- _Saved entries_
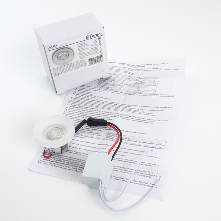 Светильник встраиваемый светодиодный, для подсветки мебели (ДВБ) FERON LN003, 3W 4000К (белый), 230V, 210Lm, IP20, цвет прозрачный, корпус алюминий, рассеиватель акриловый полимер, 45*45*29 мм, монтажн.отв. 40 мм.
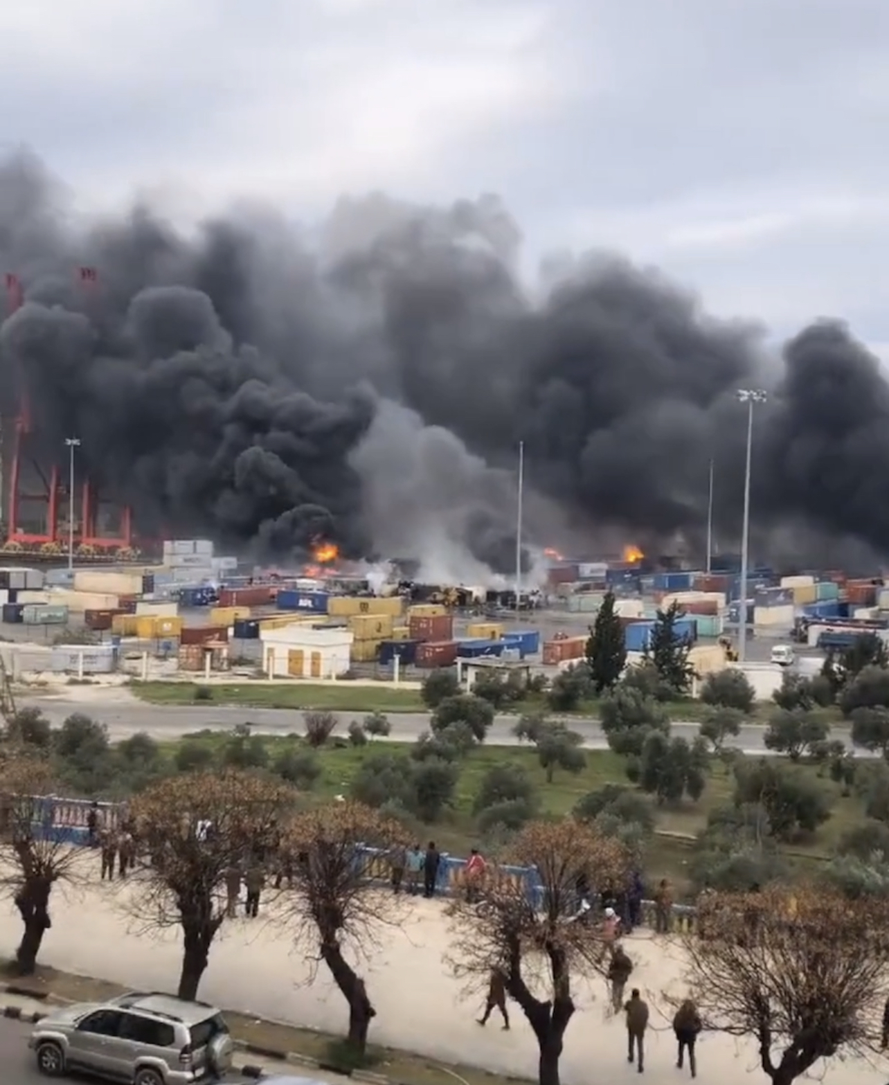 استهدفت صواريخ اسرائيلية ساحة الحاويات في ميناء اللاذقية التجاري على الساحل السوري، ما أدى لاشتعال حرائق في الحاويات ووقوع أضرار مادية كبيرة في المرفأ والمنطقة المحيطة به، وفق وكالة أنباء الحكومة السورية سانا.
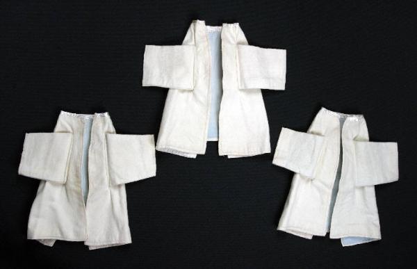 Le tre giacche sono di flanella bianca con fodera in parte bianca, con sottili righe in rilievo, e in parte azzurra di cotone. Ogni giacca è composta da tre pezzi dei quali il centrale più corto degli altri. Il collo è bordato con nastrino di raso bianco.
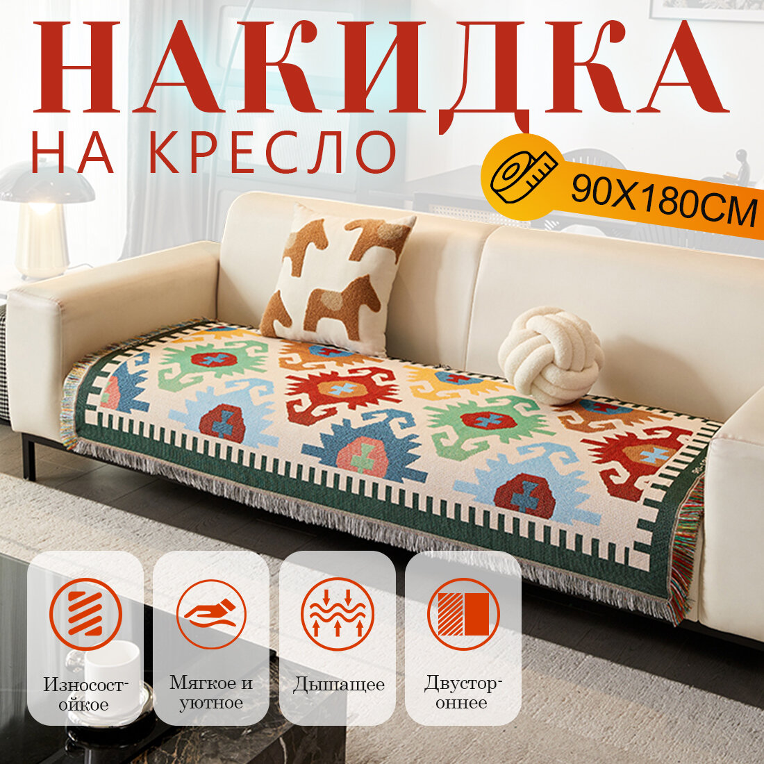 Покрывало на диван, кресло, одеяло хлопковое, плед пляжный, туристический, коврик для пикника, размер 90X180
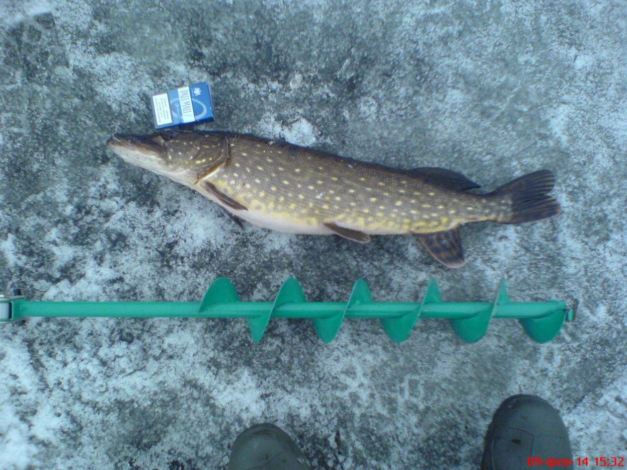 ).часам к 11 солнце пригрело по весеннему, мне в моем костюме стало жарко, Влад же по прежнему наслаждался комфортом. В районе обеда я наконец-то вспомнил, как руки трясутся после приличной рыбы - сначала клюнул окушок на 200 грамм. После него в той же лунке клюнул кто-то покрупнее - чувствовал, что морду поднял и почти вправил в лунку, но зверь вовремя опомнился и сделал рывок, слышно было, как крючок проскрежетал в зубастой пасти и выскочил, ни за что не зацепившись... По ощущениям - больше полкило... через 15 минут в соседней лунке похожая поклевка, секунд 10 удерживал на месте, но глубина в метр не способствовала длительному вываживанию, при подводе к лунке - обрыв на мормышке, видимо где-то все-таки острый край был.
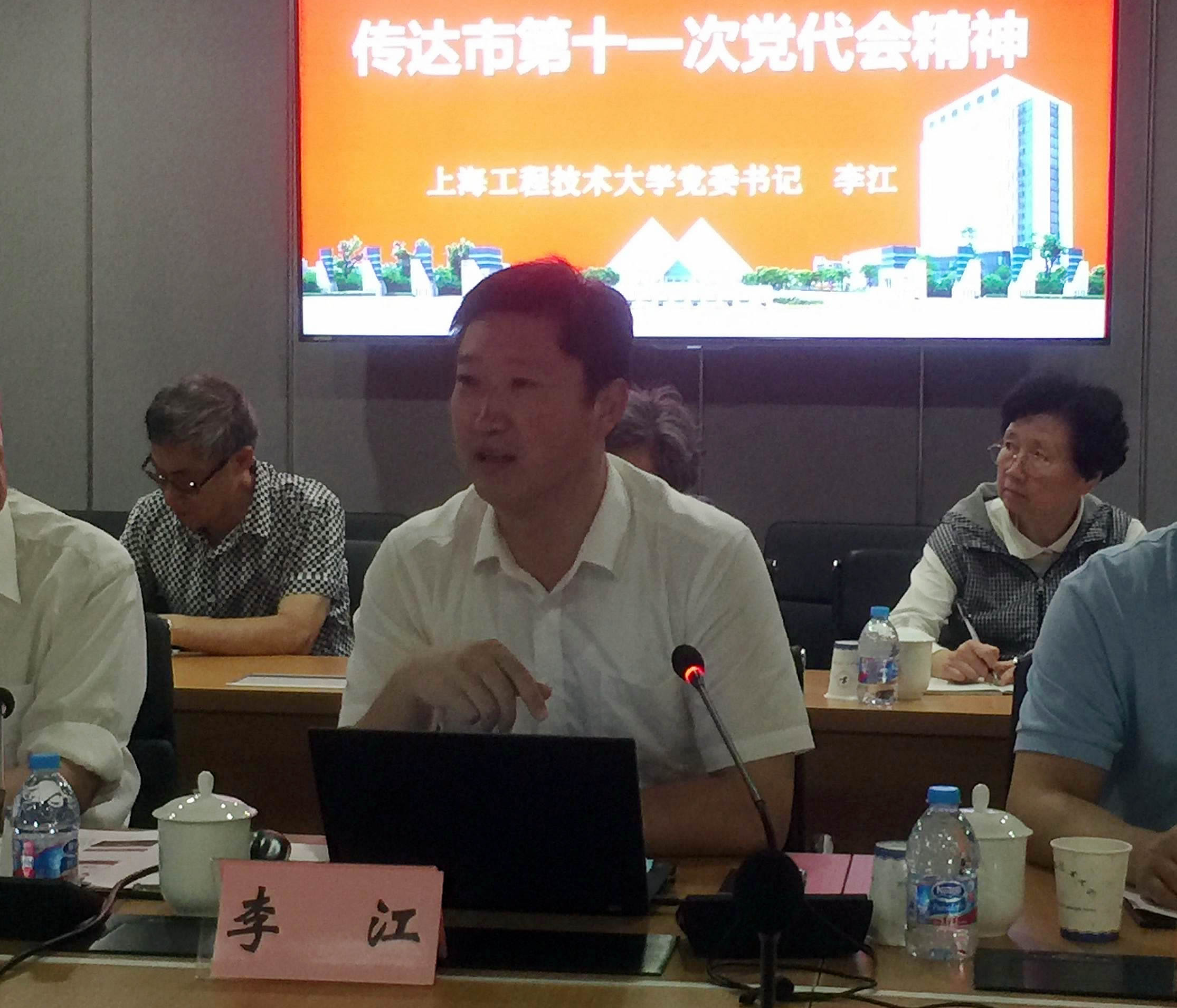 会上,市党代表、校党委书记李江传达了上海市第十一次党代表大会精神,他就大会筹备情况和党代会报告主要精神包括三大块、八个部分进行了传达学习。他指出,此次党代会5月8日至5月12日召开,历时5天,韩正同志从改革开放取得重大成果、创新驱动发展实现关键突破、中心城市功能不断增强、社会治理创新走上新路、民生福祉持续增进、国际文化大都市建设成效明显、党的建设全面加强等七个方面取得的成绩,对上海过去5年的发展进行了总结,重点阐释了今后5年工作的指导思想和奋斗目标,部署了未来5年的主要工作。这次大会的主要任务是高举中国特色社会主义伟大旗帜,在以习近平同志为核心的党中央领导下,上海要勇当改革开放排头兵、敢为创新发展先行者,深入推进建设,加快向具有全球影响力的科技创新中心进军,全面提升城市的吸引力、创造力、竞争力,让人民拥有更好生活。
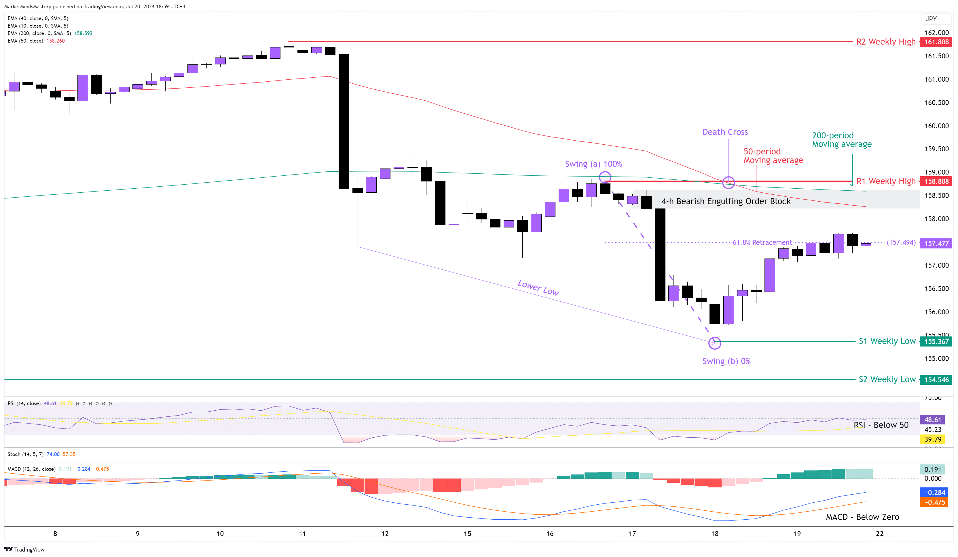 此外,MACD低于零线,这也是看跌信号。目前,价格位于黄金分割率的61.8%Fibonacci附近。如果价格在此区域发现阻力并下跌,则可能会向下移动,直至上周低点,即 S1 支撑位 155.367 附近。如果价格击穿 S1 并继续走低,那么下一个支撑区域将是另一个周低点,约 154.546。另一方面,如果价格继续上行,但未找到 61.8% 阻力位,那么第一个阻力区域 R1 将是前一周的高点,约 158.808。该价位被认为具有重要意义,因为它与 200期移动均线共存,可以作为动态阻力位,以及启动上一次价格冲动性波动的4-H 看跌吞没阶块。如果价格没有停留在 R1 下方,如果价格击穿 R1 并继续上行,那么当前的下跌趋势将结束,周线主升趋势将恢复。在这种情况下,下一个阻力区域 R2 将非常接近 ATH(历史高点),大约在 161.808。
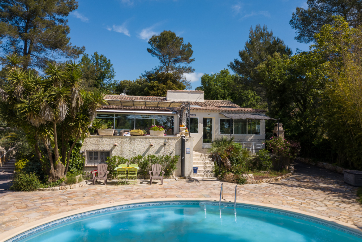 Un salon confortable et une véranda lumineuse donnant sur une grande terrasse prolongent agréablement l’espace de vie. La cuisine, séparée et entièrement équipée, s’ouvre sur la deuxième terrasse, parfaite pour les repas en extérieur. Chaque espace extérieur bénéficie d’une vue imprenable sur la piscine.
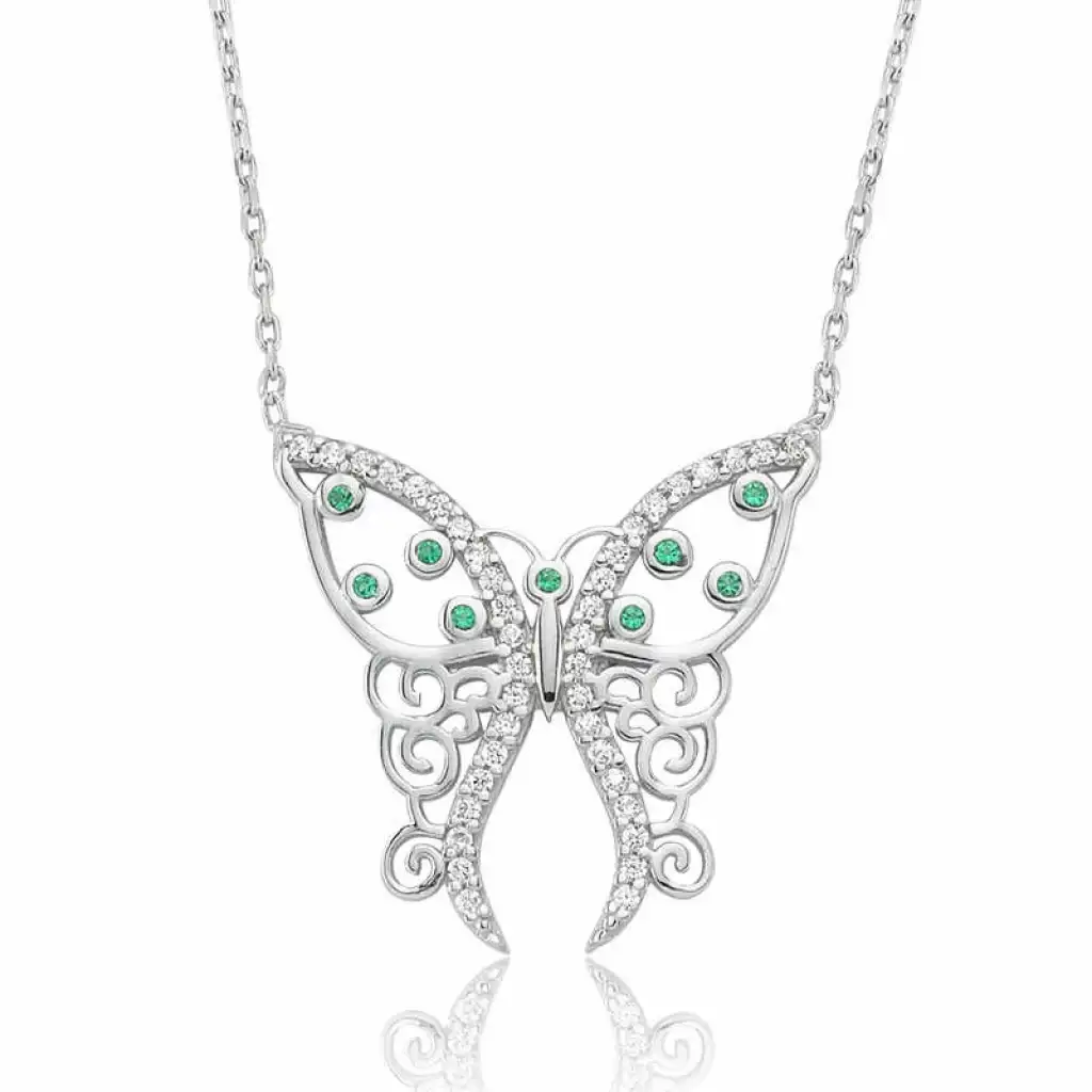 Özgürlüğü masumiyeti ve saflığı simgeleyen kelebekler, tertemiz sevginin ve aşkın ifadesidir. Sizin olduğu kadar sevdiklerinizin de keyifle takacağı yeşil kelebek bayan kolye en güzel hediyelerden biri olacaktır. Kolye 925 ayar gümüşten imal edilmiştir. Gümüş üzerine rodyum kaplama yapılmıştır. Rodyum kaplama yapılan gümüş bayan kolyeler parlaklığını uzun süre muhafaza eder, gümüşü beyaz altın rengine dönüştürür ve oksitlenmeyi geciktirir. Gümüş olan zincir boyu ortalama 45 cm'dir. Tüm gümüş bayan kolyelerde olduğu gibi gümüş desenli kelebek bayan kolye modeli de el emeği ile üretilmiştir. Gümüş ve değerli taşlar nedeniyle belirtilen ortalama ürün ağırlığında ± %10 sapma olabilmektedir.
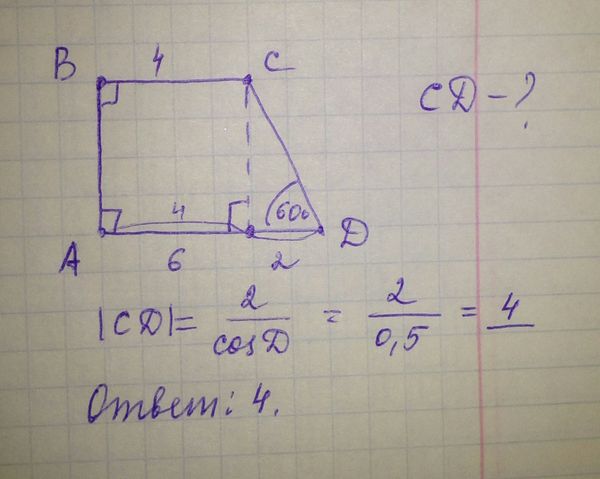 В прямоугольной трапеции ABCD основания AD=6, BC=4, угол D = 60 градусов. Найдите боковую сторону CD.
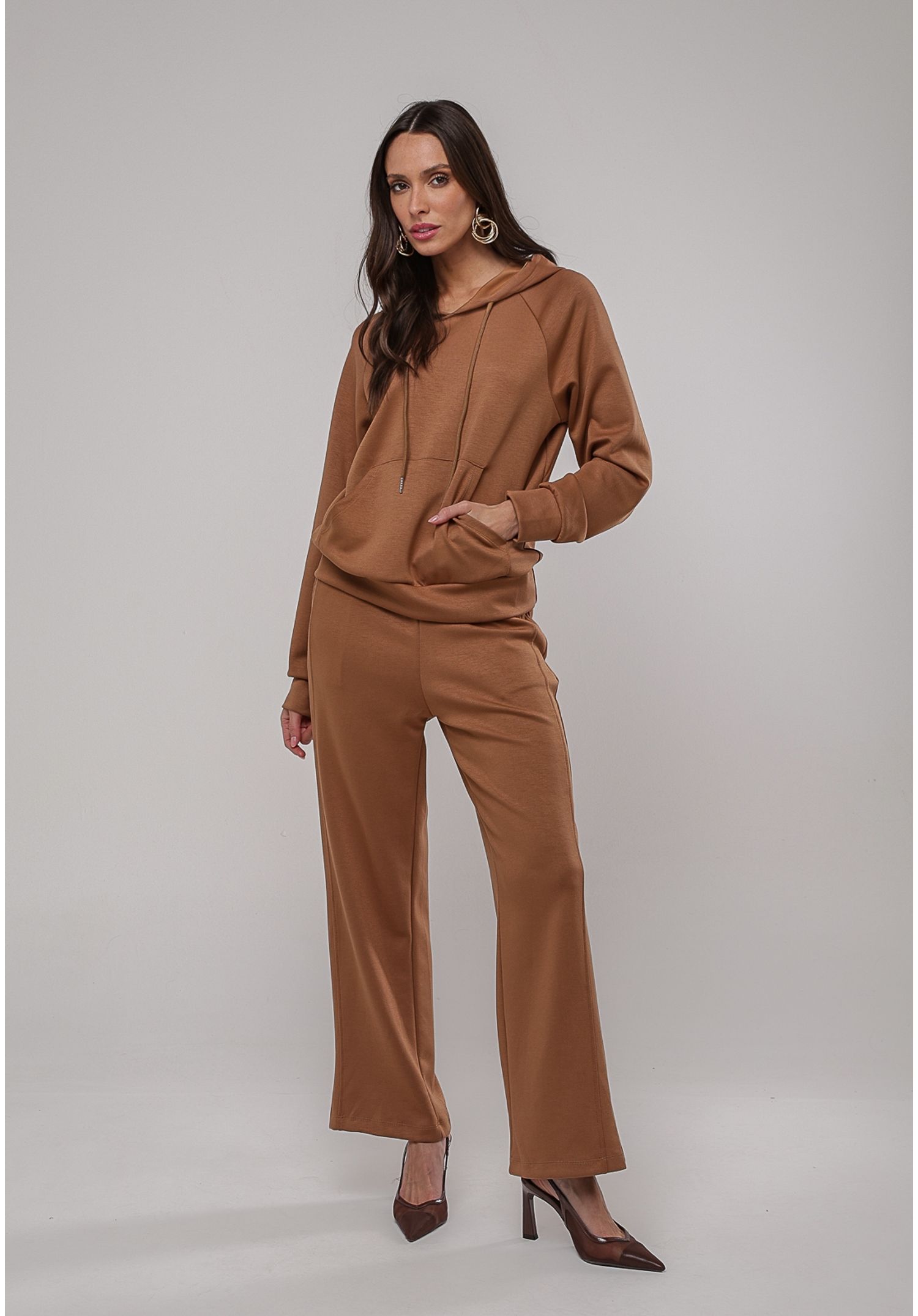 O bolso frontal estilo canguru complementa o design com funcionalidade e charme, enquanto a modelagem levemente solta confere um caimento fluido e extremamente confortável, valorizando a silhueta com naturalidade.
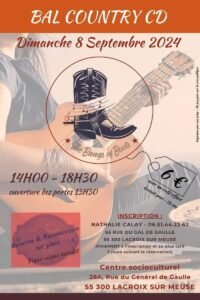 Le Dimanche 08 Septembre 2024, Après Midi Country Dance de 14h00 à 18h30, Centre Socioculturel, 28 A, rue du Général de Gaulle, à Lacroix sur Meuse (55300), Meuse.

- _What you should do_
Would you retype all the lines shown above, exactly as written and without any picture?

- _Expected answer_
 Светильник встраиваемый светодиодный, для подсветки мебели (ДВБ) FERON LN003, 3W 4000К (белый), 230V, 210Lm, IP20, цвет прозрачный, корпус алюминий, рассеиватель акриловый полимер, 45*45*29 мм, монтажн.отв. 40 мм.
 استهدفت صواريخ اسرائيلية ساحة الحاويات في ميناء اللاذقية التجاري على الساحل السوري، ما أدى لاشتعال حرائق في الحاويات ووقوع أضرار مادية كبيرة في المرفأ والمنطقة المحيطة به، وفق وكالة أنباء الحكومة السورية سانا.
 Le tre giacche sono di flanella bianca con fodera in parte bianca, con sottili righe in rilievo, e in parte azzurra di cotone. Ogni giacca è composta da tre pezzi dei quali il centrale più corto degli altri. Il collo è bordato con nastrino di raso bianco.
 Покрывало на диван, кресло, одеяло хлопковое, плед пляжный, туристический, коврик для пикника, размер 90X180
 ).часам к 11 солнце пригрело по весеннему, мне в моем костюме стало жарко, Влад же по прежнему наслаждался комфортом. В районе обеда я наконец-то вспомнил, как руки трясутся после приличной рыбы - сначала клюнул окушок на 200 грамм. После него в той же лунке клюнул кто-то покрупнее - чувствовал, что морду поднял и почти вправил в лунку, но зверь вовремя опомнился и сделал рывок, слышно было, как крючок проскрежетал в зубастой пасти и выскочил, ни за что не зацепившись... По ощущениям - больше полкило... через 15 минут в соседней лунке похожая поклевка, секунд 10 удерживал на месте, но глубина в метр не способствовала длительному вываживанию, при подводе к лунке - обрыв на мормышке, видимо где-то все-таки острый край был.
 会上,市党代表、校党委书记李江传达了上海市第十一次党代表大会精神,他就大会筹备情况和党代会报告主要精神包括三大块、八个部分进行了传达学习。他指出,此次党代会5月8日至5月12日召开,历时5天,韩正同志从改革开放取得重大成果、创新驱动发展实现关键突破、中心城市功能不断增强、社会治理创新走上新路、民生福祉持续增进、国际文化大都市建设成效明显、党的建设全面加强等七个方面取得的成绩,对上海过去5年的发展进行了总结,重点阐释了今后5年工作的指导思想和奋斗目标,部署了未来5年的主要工作。这次大会的主要任务是高举中国特色社会主义伟大旗帜,在以习近平同志为核心的党中央领导下,上海要勇当改革开放排头兵、敢为创新发展先行者,深入推进建设,加快向具有全球影响力的科技创新中心进军,全面提升城市的吸引力、创造力、竞争力,让人民拥有更好生活。
 此外,MACD低于零线,这也是看跌信号。目前,价格位于黄金分割率的61.8%Fibonacci附近。如果价格在此区域发现阻力并下跌,则可能会向下移动,直至上周低点,即 S1 支撑位 155.367 附近。如果价格击穿 S1 并继续走低,那么下一个支撑区域将是另一个周低点,约 154.546。另一方面,如果价格继续上行,但未找到 61.8% 阻力位,那么第一个阻力区域 R1 将是前一周的高点,约 158.808。该价位被认为具有重要意义,因为它与 200期移动均线共存,可以作为动态阻力位,以及启动上一次价格冲动性波动的4-H 看跌吞没阶块。如果价格没有停留在 R1 下方,如果价格击穿 R1 并继续上行,那么当前的下跌趋势将结束,周线主升趋势将恢复。在这种情况下,下一个阻力区域 R2 将非常接近 ATH(历史高点),大约在 161.808。
 Un salon confortable et une véranda lumineuse donnant sur une grande terrasse prolongent agréablement l’espace de vie. La cuisine, séparée et entièrement équipée, s’ouvre sur la deuxième terrasse, parfaite pour les repas en extérieur. Chaque espace extérieur bénéficie d’une vue imprenable sur la piscine.
 Özgürlüğü masumiyeti ve saflığı simgeleyen kelebekler, tertemiz sevginin ve aşkın ifadesidir. Sizin olduğu kadar sevdiklerinizin de keyifle takacağı yeşil kelebek bayan kolye en güzel hediyelerden biri olacaktır. Kolye 925 ayar gümüşten imal edilmiştir. Gümüş üzerine rodyum kaplama yapılmıştır. Rodyum kaplama yapılan gümüş bayan kolyeler parlaklığını uzun süre muhafaza eder, gümüşü beyaz altın rengine dönüştürür ve oksitlenmeyi geciktirir. Gümüş olan zincir boyu ortalama 45 cm'dir. Tüm gümüş bayan kolyelerde olduğu gibi gümüş desenli kelebek bayan kolye modeli de el emeği ile üretilmiştir. Gümüş ve değerli taşlar nedeniyle belirtilen ortalama ürün ağırlığında ± %10 sapma olabilmektedir.
 В прямоугольной трапеции ABCD основания AD=6, BC=4, угол D = 60 градусов. Найдите боковую сторону CD.
 O bolso frontal estilo canguru complementa o design com funcionalidade e charme, enquanto a modelagem levemente solta confere um caimento fluido e extremamente confortável, valorizando a silhueta com naturalidade.
 Le Dimanche 08 Septembre 2024, Après Midi Country Dance de 14h00 à 18h30, Centre Socioculturel, 28 A, rue du Général de Gaulle, à Lacroix sur Meuse (55300), Meuse.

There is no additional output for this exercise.